CRP-adjusted albumin was shown to be a better predictor of mortality among the HD patients. When assessing serum albumin values, inflammatory status should be taken into account. Malnutrition or wasting was shown to be associated with a poor outcome independent of inflammation.

Keywords

Albumin C-reactive protein Cohort study Hemodialysis Mortality Protein energy wasting

Background

The dialysis population in Japan is becoming older. Malnutrition-related conditions such as protein energy wasting (PEW) [14], sarcopenia [5, 6], and frailty [4, 7] draw attentions among such older dialysis populations. Many studies have investigated the relationship between malnutrition and patient outcome, and the results have revealed that malnutrition-related conditions are associated with a poor outcome [57].

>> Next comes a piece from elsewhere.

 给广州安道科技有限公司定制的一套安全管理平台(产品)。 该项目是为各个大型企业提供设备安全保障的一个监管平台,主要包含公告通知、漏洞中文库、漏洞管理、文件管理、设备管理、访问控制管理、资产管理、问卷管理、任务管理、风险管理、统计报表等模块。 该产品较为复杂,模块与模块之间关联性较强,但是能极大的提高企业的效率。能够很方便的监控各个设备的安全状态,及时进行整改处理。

To investigate the best index that reflects malnutrition is a matter of debate [812]. The serum albumin level is one of the most popular indexes of malnutrition [2, 8, 11, 12]. Albumin reportedly relates to the poor survival in original values [13], together with in a form of geriatric nutritional risk index (GNRI) [11]. However, starvation does not necessarily reduce albumin values [14], and the inflammatory state that often coincides with malnutrition in dialysis populations [1] largely affects the lower albumin values [14]. Thus, the serum albumin level might not be a suitable marker of malnutrition in dialysis patients.

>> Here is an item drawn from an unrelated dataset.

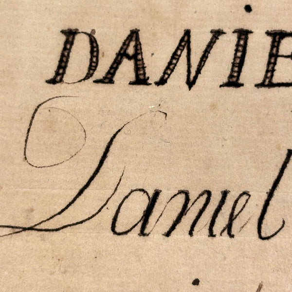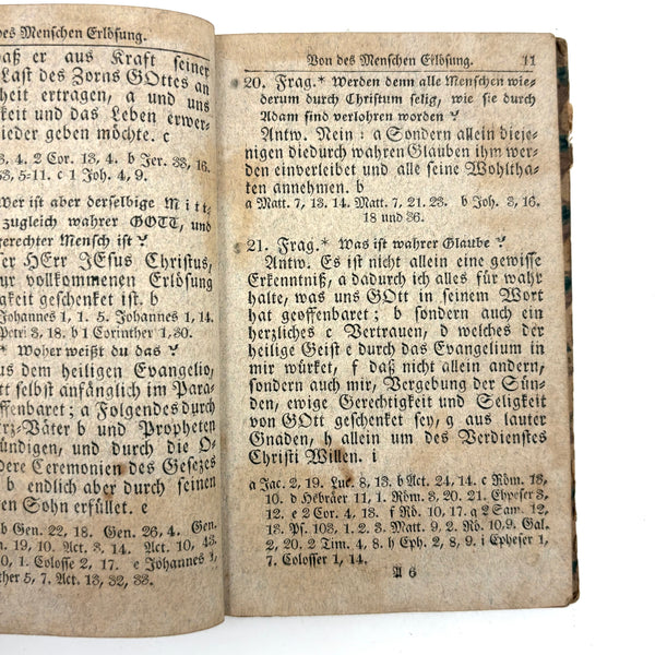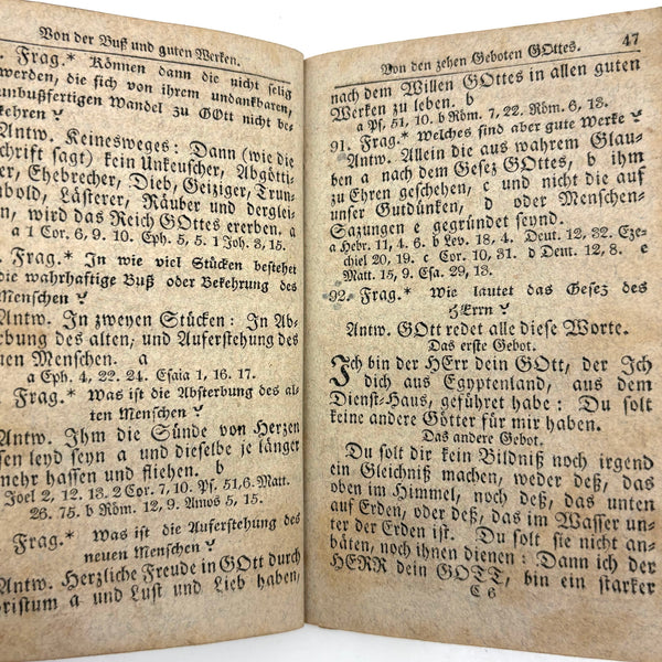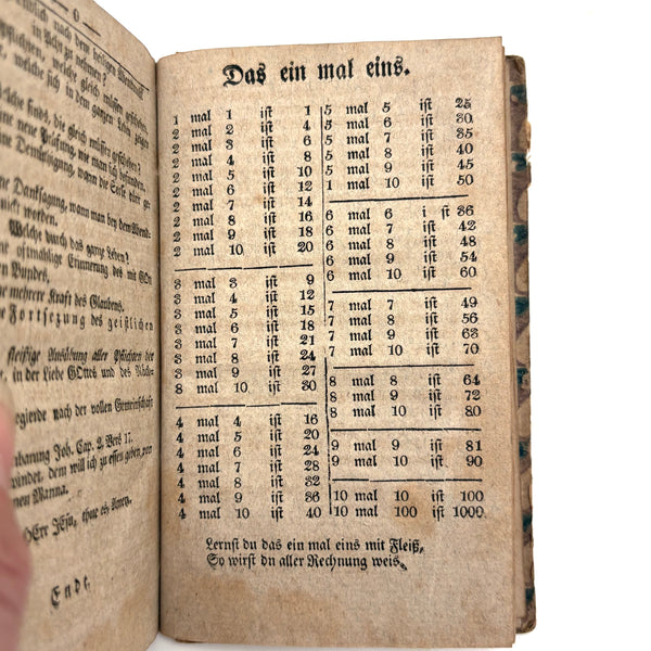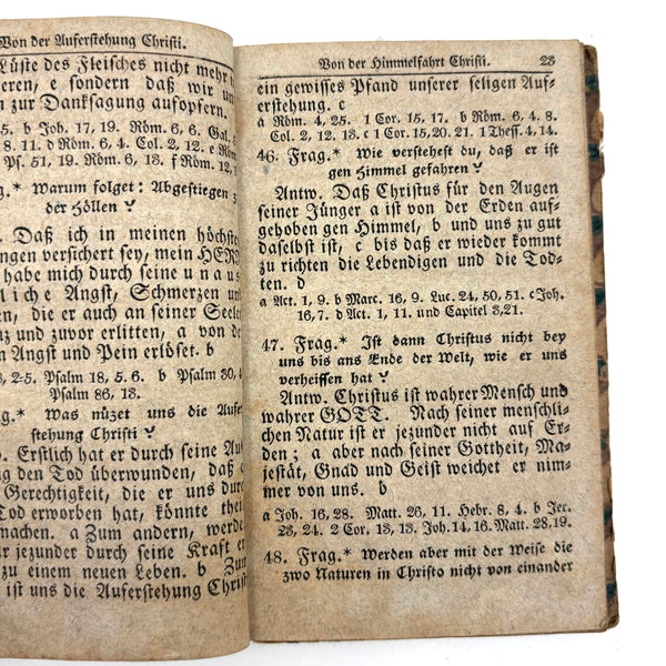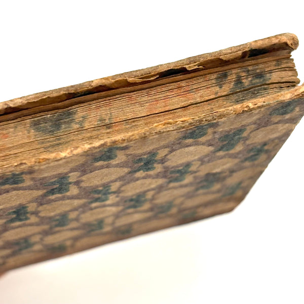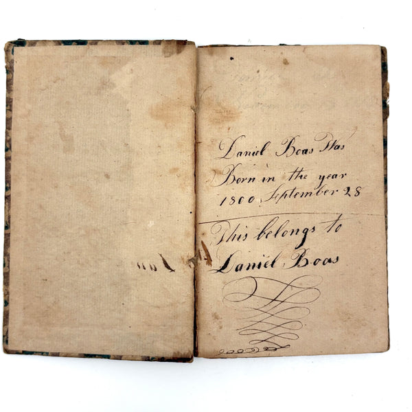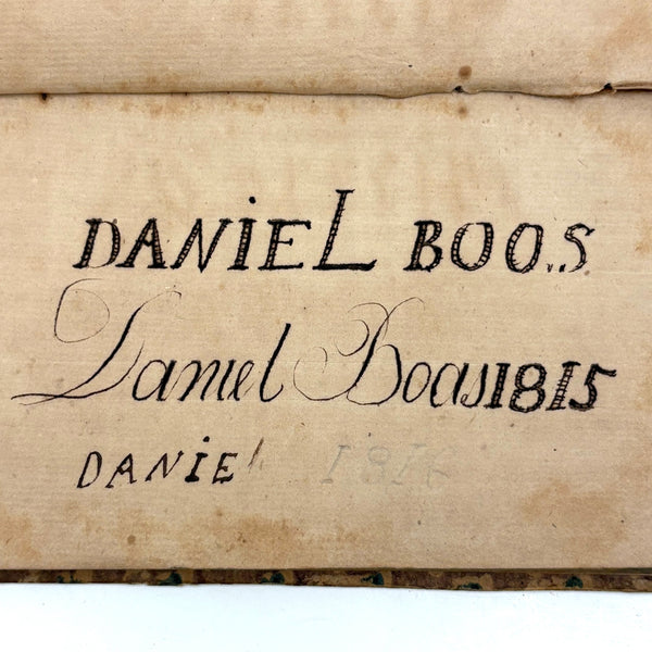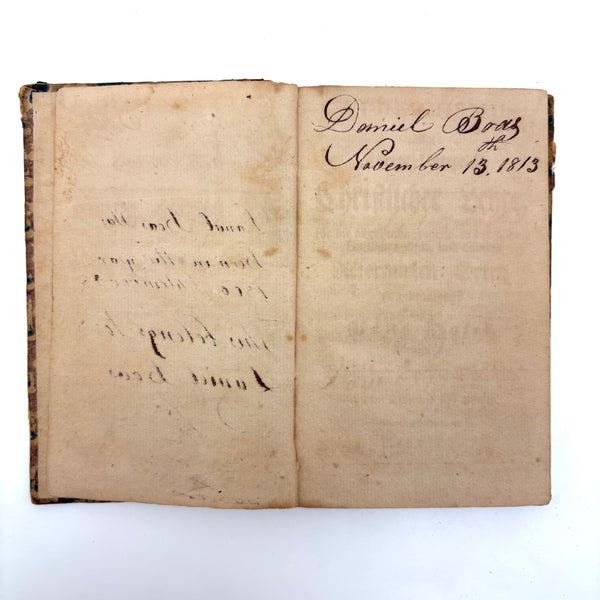 This, and a second PA German catechism book listed next, are all about book as object for me--namely about the gorgeous hand-printed paper on the cover-boards, and, in the case of this one, about the ink lettering on the endpages. On this one the long edges of the pages were painted, too. I simply do not have it in me not at least temporarily take stewardship of books like this. The book was published in Reading PA in 1811, and the Daniel Boos who owned, born in the year 1800, inked his name inside at both ends, in 1815.

We speculated that the values that deducted the effect of inflammation from the actual albumin might become a better marker of malnutrition compared to the original albumin values independent of the effect of inflammation. We therefore performed a study to investigate the relationship between the serum albumin levels and C-reactive protein (CRP) levels, and thereafter, the albumin values adjusted with CRP were investigated from the perspective of all-cause mortality of hemodialysis (HD) patients.

Methods

Design and population

This was a retrospective, observational cohort study conducted at a single center in Japan. The potential population was the chronic dialysis population that was on HD therapy through an arteriovenous fistula at Jyoban Hospital, Iwaki, Japan, in July 2012. HD patients with a malignancy, active inflammation, liver cirrhosis, gastrointestinal bleeding, cardiac valvular disease, or severe illness were excluded from participation and were transferred to another dialysis unit for intensive care. We also excluded the data of patients who did not consent to participate in this study. The Institutional Review Board of the Jyoban Hospital approved the study protocol; the approval number is 25-(3). The protocols were carried out in accordance with the Declaration of Helsinki guidelines regarding ethical principles for medical research involving human subjects. Informed consent was obtained from every subject.

Laboratory measurements

The laboratory data were obtained on the basis of daily clinical practice. The biochemistry data and complete blood counts were obtained on the first day of each week. All measurements were made except the blood urea nitrogen (BUN) level before a dialysis session. BUN level was measured both before and after the dialysis session. Serum creatinine, calcium, phosphorus, albumin, total cholesterol, high-density lipoprotein (HDL) cholesterol, and triglyceride were measured with an autoanalyzer by standard laboratory methods. The serum calcium values were corrected with albumin level. Intact parathyroid hormone (iPTH) was measured by an immunoradiometric assay. Body mass index (BMI) was expressed in kg/m2. Body weight was calculated as dry weight, defined as post-dialysis weight in which the patient was normotensive and with no signs of overhydration. Urea kinetics were assessed by measuring a blood-based dialysis parameter, Kt/V [15], and the mean value of the three measurements during each of the 3 months before the start of the study was used in the analysis. The normalized protein catabolic rate (nPCR) was used as an indirect indicator of protein intake and was calculated by using the formula previously reported [16].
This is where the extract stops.